Junho 27, 2026 . 17:00
Opinião de João Mota Campos "O governo criou um ministério para a reforma do estado. Até hoje ainda ninguém viu qualquer proposta simples ou mais ambiciosa que esse ministério tivesse lançado."

O actual governo vai para cerca de dois anos, ainda que com umas eleições pelo meio, que não mudaram nada.
Antes deste havia outro, socialista, que com várias eleições pelo meio, governou entre 2015 a 2024, e não mudou nada a não ser para pior.
O governo de agora é apoiado por 89 deputados do PSD e 2 deputados do CDS. É a AD.
Longe de uma maioria, o governo está encurralado entre os 60 deputados do Chega e os 58 deputados do PS. Em boa verdade, o governo não pode levar a cabo qualquer reforma de fundo, ou até mesmo superficial, se não contar com o apoio de um ou outro destes grupos à sua direita e à sua esquerda. Aparentemente, não conta com nenhum e portanto, não pode aprovar reforma nenhuma.
É aquilo a que se chama “stasis”, ou seja, um estado de equilíbrio em que forças iguais se opõem, resultando num sistema completamente parado.

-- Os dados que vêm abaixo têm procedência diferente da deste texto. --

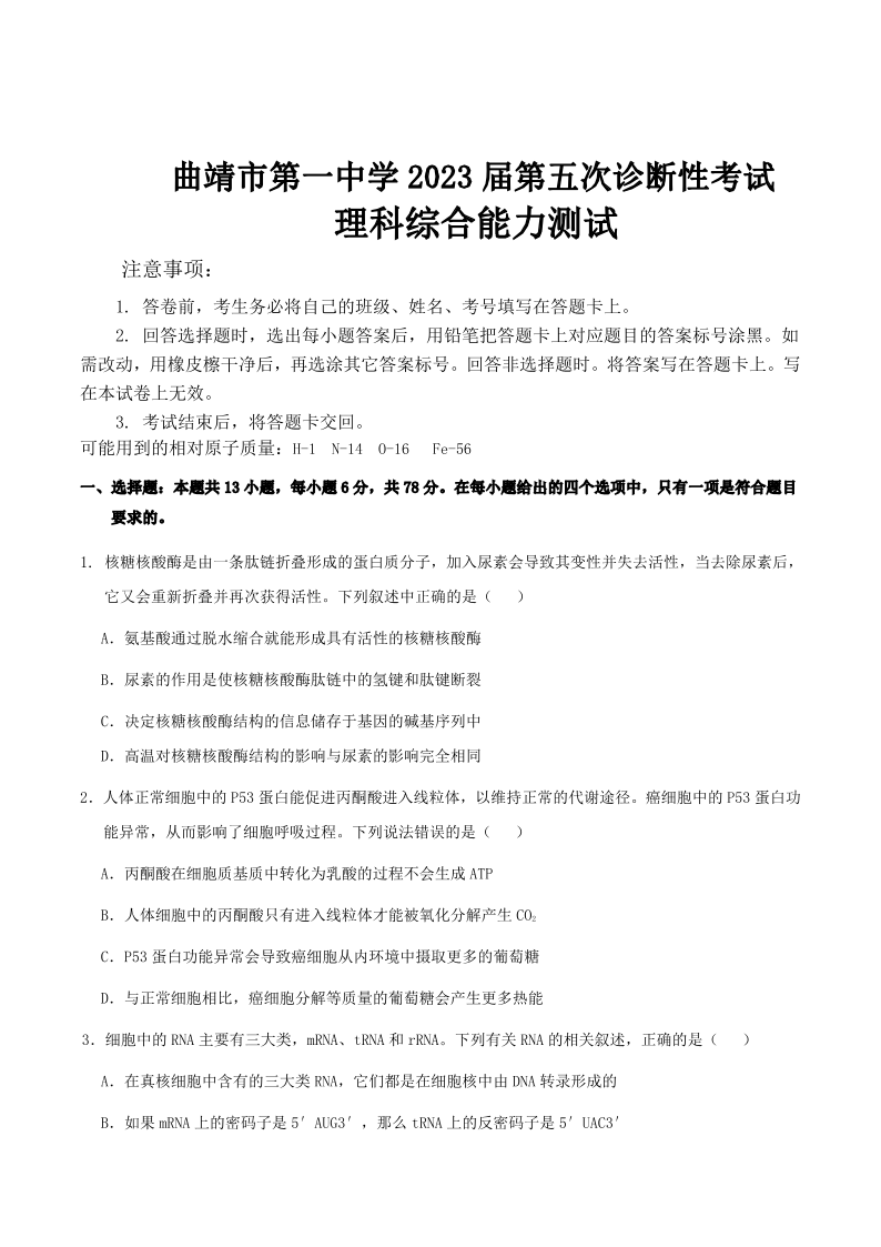 【新教材老高考】云南省曲靖市第一中学2022-2023学年高三下学期教学质量监测试卷(五)理科综合试题

Esta é a realidade aparente, mas muitos, à direita, pretendem que o governo e a sua maioria de apoio estão antes em estado de abulia, ou seja, a condição em que ocorre uma perda severa de iniciativa, vontade ou motivação para realizar acções. Há quem sustente que o governo se limita a uma gestão do quotidiano, e que o seu único objectivo real é o de manter o poder, em detrimento de qualquer esforço reformista.

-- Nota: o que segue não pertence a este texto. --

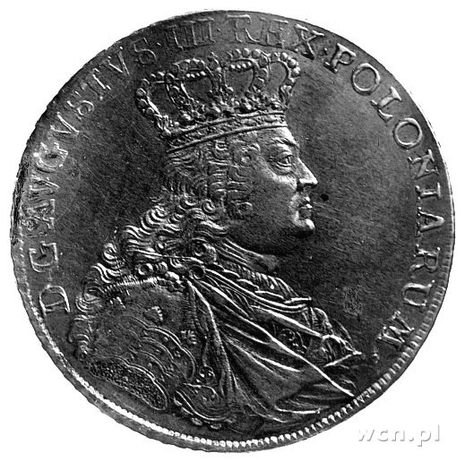 August III 1733 - 1763, talar 1755, Lipsk, bardzo rzadko występujący typ małego popiersia króla w zbroi z upiętym na niej płaszczem, bardzo efektowny styl wykonania, Schnee 1037 typ e3, Dav. 1617, ładna stara patyna.

O próprio governo expende a ideia de que está pacientemente à espera da sua oportunidade para agir e que no entretanto não está parado. Sinceramente, lembra-me um pouco aquela anedota que se contava sobre o Bocage, que tendo um dia fugido nu de casa de uma amante cujo marido apareceu inopinadamente, se escondeu dentro de uma barrica. Alguém que o viu perguntou-lhe o que estava a fazer nu dentro da barrica e o Bocage respondeu que estava à espera da última moda para saber o que haveria de vestir…
A verdade é que não é preciso estar à espera da última moda para agir em muitos domínios. Por exemplo, foi lançada a iniciativa da “Água que Une”, para garantir “uma gestão mais eficiente, resiliente e inteligente (da água) conciliando as necessidades da agricultura, do ambiente e da população” (jargão de burocratas, não meu).
Não é preciso esgravatar muito para ver o que dá essa estratégia tão inteligente: há muito poucos dias o presidente de uma junta de freguesia (Ameixial, do Concelho de Tavira, onde todos os anos há, no verão, terríveis incêndios) se queixava amargamente na televisão de que uma barragem que teria sido imensamente útil para abastecer de água os auto tanques que combatiam um incêndio, não tinha sido construída porque o ICNF não tinha autorizado. O ICNF é o Instituto de conservação da natureza e florestas. Os burocratas mandam e os incêndios florescem. Destes exemplos, qualquer um de nós pode dar vários sem pensar muito.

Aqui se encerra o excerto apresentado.